** Opening SUPPLIED INFORMATION block **

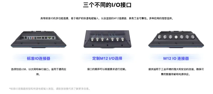 M12可定制I/O接口:支持CAN总线、RS-232/485、USB 3.2等协议,适配多种工业外设。
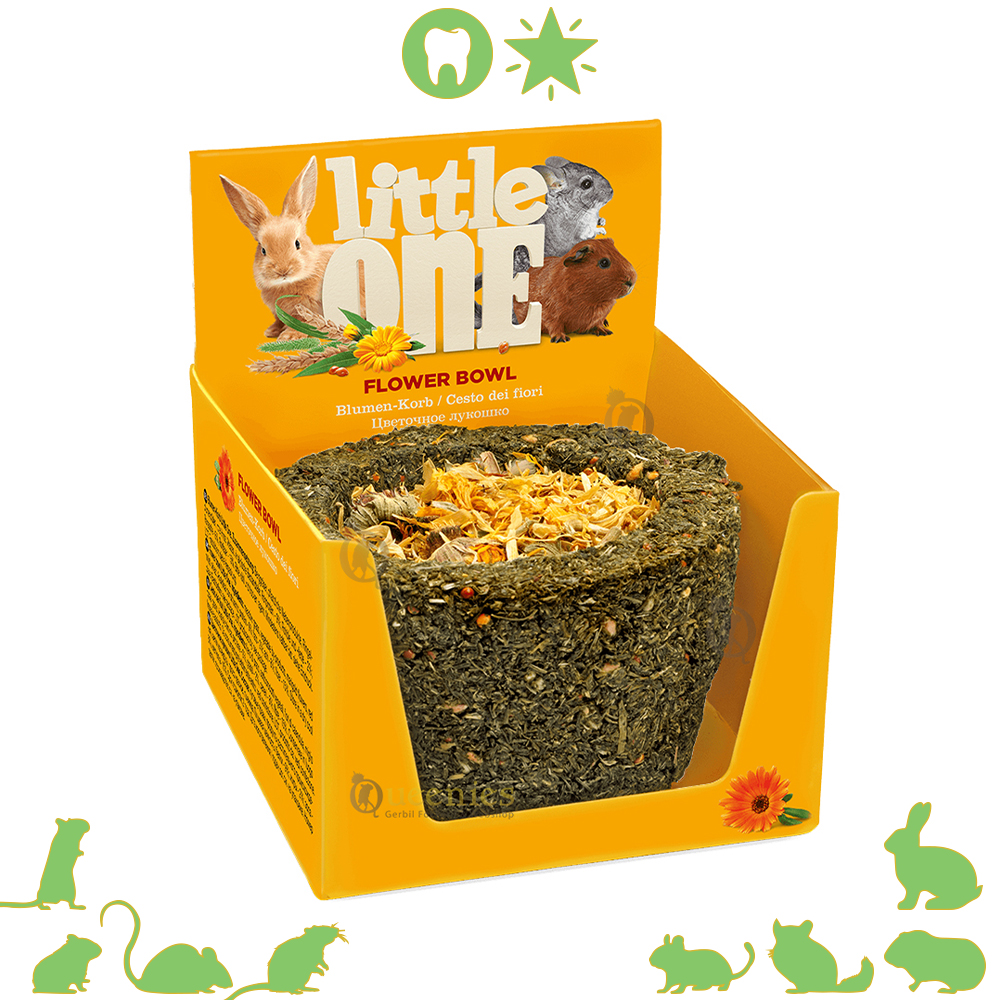 Bloemenschaal wordt gemaakt van Weidegras en Goudsbloemen welke op speciale wijze gedroogd zijn zodat essentiele en nuttige carotenoïden maximaal behouden zijn gebleven. Het bakje is hard genoeg om dienst te doen bij de verzorging van het gebit van Knaagdieren en Konijnen. UIteraard ook uitermate geschikt voor het knaaggedrag van een gerbil. Een gezonde snack die ook zorg draagt voor een gezond gebit.
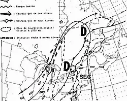 Le front, que l'on voit sur la carte d'analyse de 1200 TU le 14 juillet, 8h locale, était supporté en altitude par un creux barométrique à 500 hPa d'intensité moyenne. La carte montre également la formation d'une dépression en surface, juste au sud-ouest d'Ottawa (Ontario). Cette cyclogénèse semble directement liée à l'amplification du creux d'altitude. La formation de cumulonimbus de forte extension verticale était favorisée en cette matinée par de l'air très chaud et très humide en surface, une intrusion d'air plus sec dans les niveaux moyens, une divergence des vents en altitude et d'une convergence accrue en surface à cause de la dépression[3].
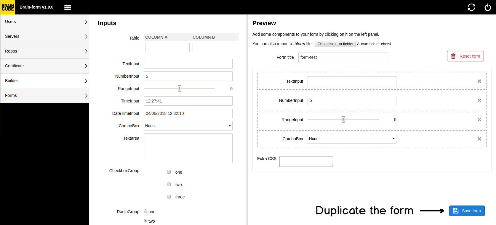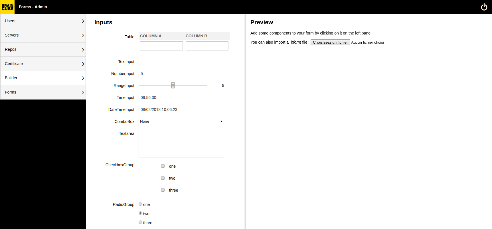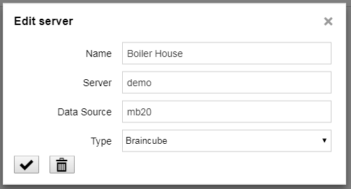 - SERVERS: create / modify / delete servers by specifying which Braincube is needed according to your data form

** Closing SUPPLIED INFORMATION block **

- **PROBLEM STATEMENT**
Write the data above out again exactly, every line of it, and exclude the pictures.

- **EXERCISE RESULT**
 M12可定制I/O接口:支持CAN总线、RS-232/485、USB 3.2等协议,适配多种工业外设。
 Bloemenschaal wordt gemaakt van Weidegras en Goudsbloemen welke op speciale wijze gedroogd zijn zodat essentiele en nuttige carotenoïden maximaal behouden zijn gebleven. Het bakje is hard genoeg om dienst te doen bij de verzorging van het gebit van Knaagdieren en Konijnen. UIteraard ook uitermate geschikt voor het knaaggedrag van een gerbil. Een gezonde snack die ook zorg draagt voor een gezond gebit.
 Le front, que l'on voit sur la carte d'analyse de 1200 TU le 14 juillet, 8h locale, était supporté en altitude par un creux barométrique à 500 hPa d'intensité moyenne. La carte montre également la formation d'une dépression en surface, juste au sud-ouest d'Ottawa (Ontario). Cette cyclogénèse semble directement liée à l'amplification du creux d'altitude. La formation de cumulonimbus de forte extension verticale était favorisée en cette matinée par de l'air très chaud et très humide en surface, une intrusion d'air plus sec dans les niveaux moyens, une divergence des vents en altitude et d'une convergence accrue en surface à cause de la dépression[3].
 - SERVERS: create / modify / delete servers by specifying which Braincube is needed according to your data form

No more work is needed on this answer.